Original Traceback (most recent call last):
File "/home/julius/miniconda3/envs/pt2/lib/python3.10/site-packages/PIL/Image.py", line 3050, in open
fp.seek(0)
AttributeError: 'list_iterator' object has no attribute 'seek'
During handling of the above exception, another exception occurred:
Traceback (most recent call last):
File "/home/julius/miniconda3/envs/pt2/lib/python3.10/site-packages/torch/utils/data/_utils/worker.py", line 302, in _worker_loop
data = fetcher.fetch(index)
File "/home/julius/miniconda3/envs/pt2/lib/python3.10/site-packages/torch/utils/data/_utils/fetch.py", line 39, in fetch
data = next(self.dataset_iter)
File "/home/julius/miniconda3/envs/pt2/lib/python3.10/site-packages/fastai/data/load.py", line 140, in create_batches
yield from map(self.do_batch, self.chunkify(res))

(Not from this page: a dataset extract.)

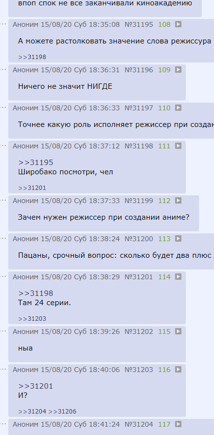 >>31161 Основной режиссер тайтла один. Просто что Симбо в шафтах, что Оонуму в сильверлинке ставят режиссером натурально во все тайтлы, что делает студия, хотя они не выполняют именно то, что традиционно понимается под режиссерской работой во всех них. Оонума сам режиссировал последним наверное tasogare otome x amnesia, Симбо вообще в нулевых что-то. У них просто времени на это все нет — они на другом уровне работают, выступая творческими руководителями студии, обучая стаф и т.п. >>31172 Вообще это естественное желание. Давай спустимся до базового уровня: почему ты вообще проводишь время, наблюдая движущиеся на экране картинки? Потому что система поощрения организма награждает тебя дофаминовой конфеткой, когда ты проявляешь внимание, наблюдаешь последовательности и т.д., т.к. потенциально это полезно для выживания(она же не знала, что ты вместо реального мира будешь это внимание направлять на китайские порномультики), так вот более углубленный интерес к этим движущимся картинкам — просто следующий лвл того же явления. Вот я прямо сейчас параллельно смотрю abenobashi mahou shoutengai и в третьей серии прямо сходу начинает безумие твориться, а стиль и анимации и режиссуры меняется кардинально "ну это какой-то Имаиши, походу, делал" — чекаю, так и есть. Это интересно.
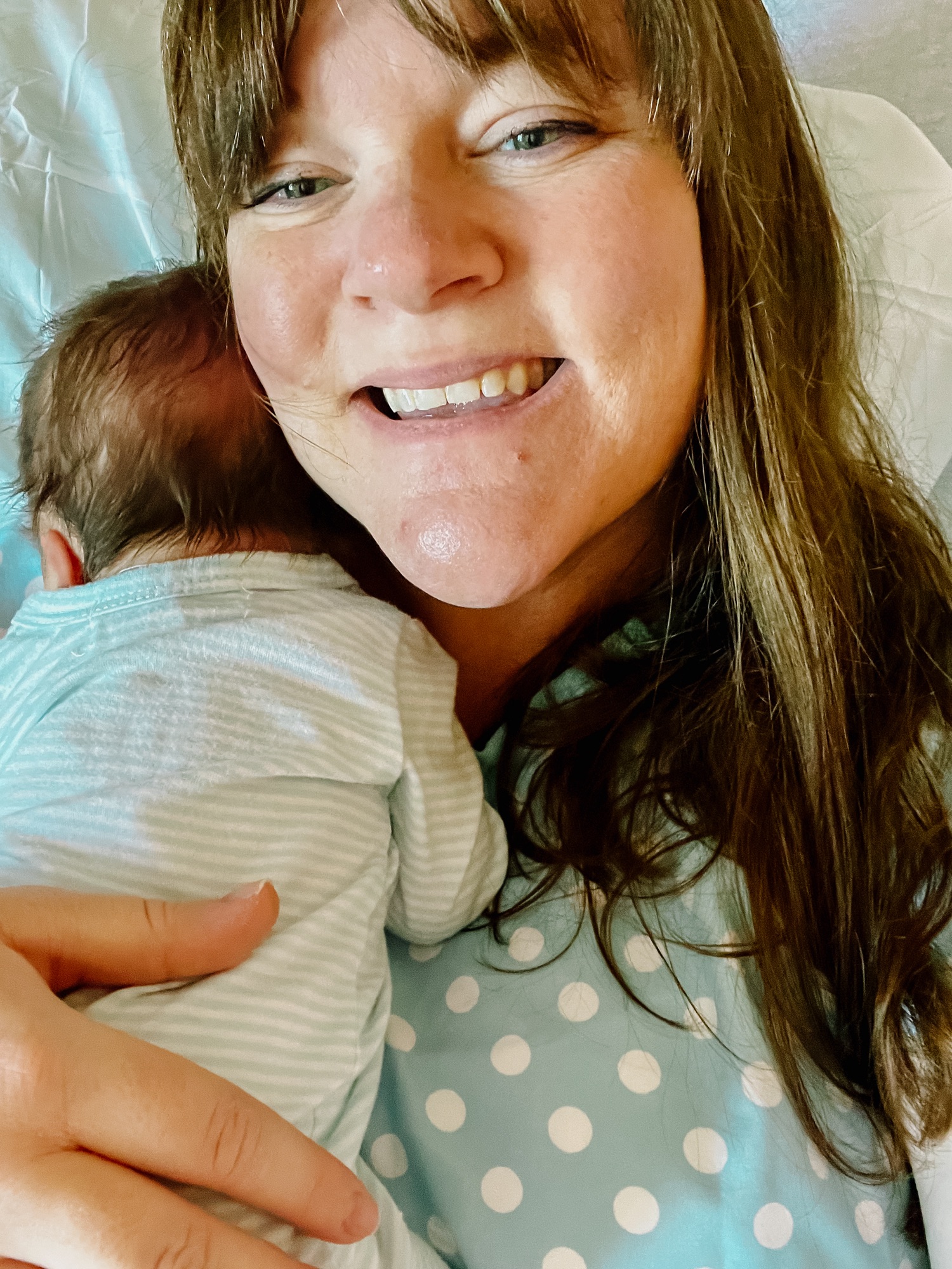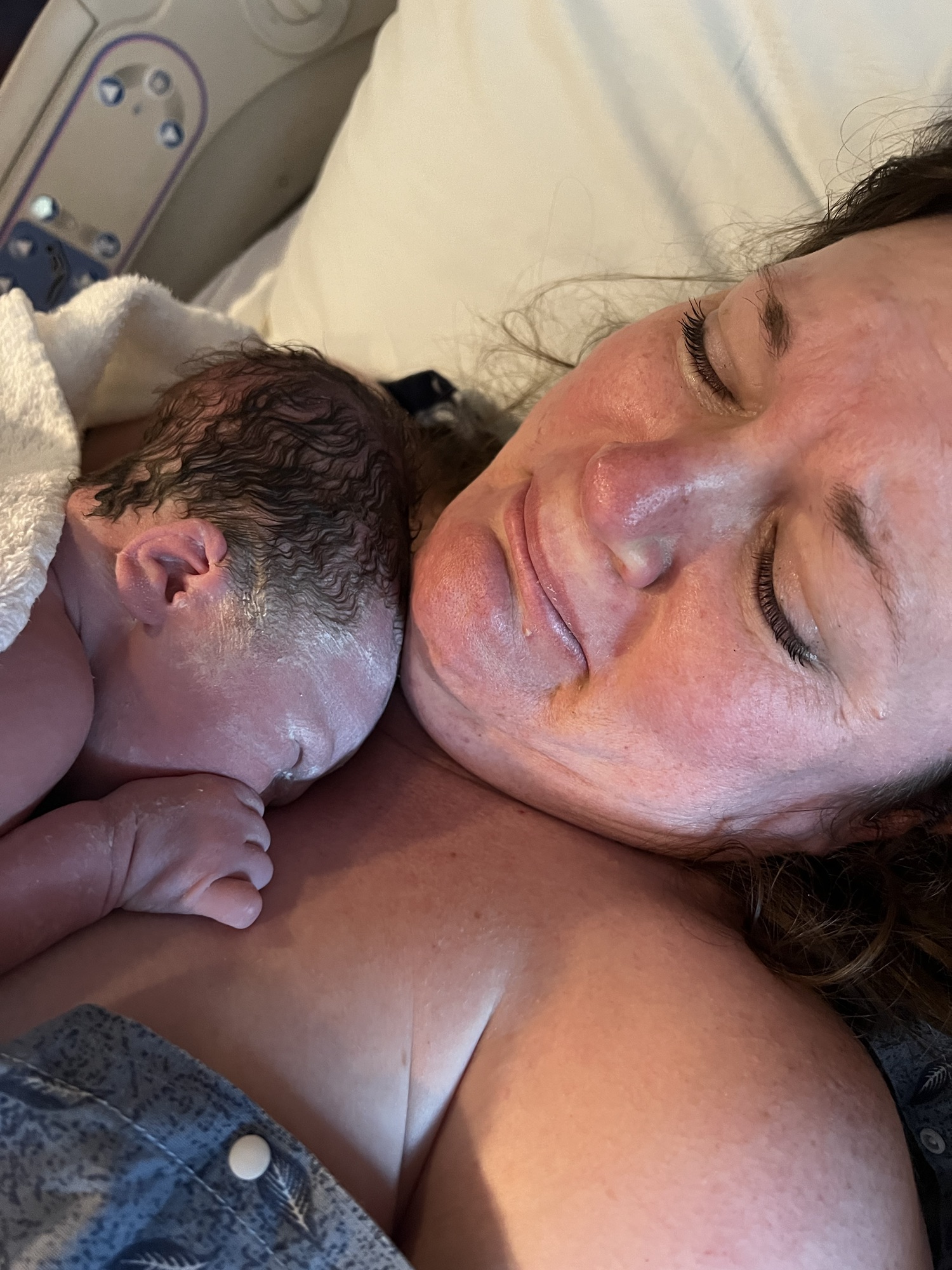 And then suddenly there he was, my little boy. David cut the cord, and then he was nestling on my chest. He had the cutest little cry, a head full of hair, ten fingers, ten toes.

File "/home/julius/miniconda3/envs/pt2/lib/python3.10/site-packages/fastcore/basics.py", line 230, in chunked
res = list(itertools.islice(it, chunk_sz))
File "/home/julius/miniconda3/envs/pt2/lib/python3.10/site-packages/fastai/data/load.py", line 155, in do_item
try: return self.after_item(self.create_item(s))
File "/home/julius/miniconda3/envs/pt2/lib/python3.10/site-packages/fastai/data/load.py", line 162, in create_item
if self.indexed: return self.dataset[s or 0]
File "/home/julius/miniconda3/envs/pt2/lib/python3.10/site-packages/fastai/data/core.py", line 557, in __getitem__
res = tuple([tl[it] for tl in self.tls])
File "/home/julius/miniconda3/envs/pt2/lib/python3.10/site-packages/fastai/data/core.py", line 557, in <listcomp>
res = tuple([tl[it] for tl in self.tls])
File "/home/julius/miniconda3/envs/pt2/lib/python3.10/site-packages/fastai/data/core.py", line 509, in __getitem__
return self._after_item(res) if is_indexer(idx) else res.map(self._after_item)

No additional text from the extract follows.